(Collected material)
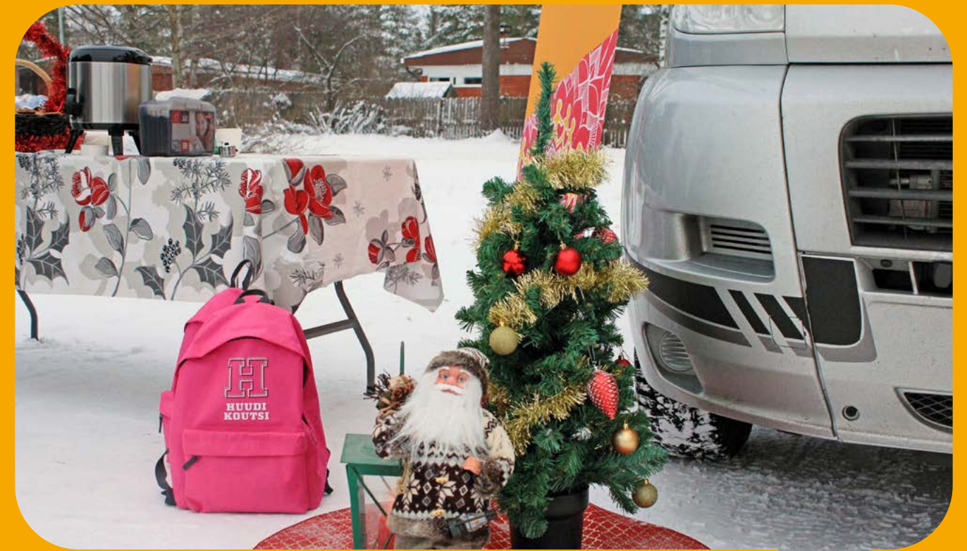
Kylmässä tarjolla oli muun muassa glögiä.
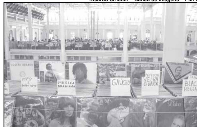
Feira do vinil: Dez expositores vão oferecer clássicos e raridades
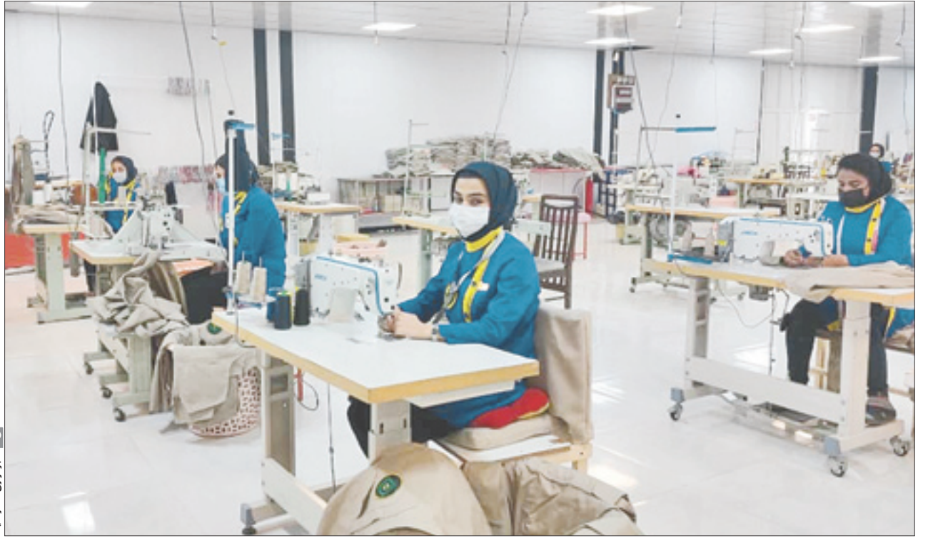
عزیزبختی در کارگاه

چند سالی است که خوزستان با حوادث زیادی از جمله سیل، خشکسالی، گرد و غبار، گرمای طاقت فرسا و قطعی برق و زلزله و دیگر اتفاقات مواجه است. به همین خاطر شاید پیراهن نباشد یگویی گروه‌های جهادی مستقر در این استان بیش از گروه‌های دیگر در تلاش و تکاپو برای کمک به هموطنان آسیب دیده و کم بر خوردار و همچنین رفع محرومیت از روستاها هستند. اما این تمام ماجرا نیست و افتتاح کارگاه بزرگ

(Your goal)
Return an exact transcription of the material, with its pictures left out.

(Exercise answer)
Kylmässä tarjolla oli muun muassa glögiä.
Feira do vinil: Dez expositores vão oferecer clássicos e raridades
عزیزبختی در کارگاه

چند سالی است که خوزستان با حوادث زیادی از جمله سیل، خشکسالی، گرد و غبار، گرمای طاقت فرسا و قطعی برق و زلزله و دیگر اتفاقات مواجه است. به همین خاطر شاید پیراهن نباشد یگویی گروه‌های جهادی مستقر در این استان بیش از گروه‌های دیگر در تلاش و تکاپو برای کمک به هموطنان آسیب دیده و کم بر خوردار و همچنین رفع محرومیت از روستاها هستند. اما این تمام ماجرا نیست و افتتاح کارگاه بزرگ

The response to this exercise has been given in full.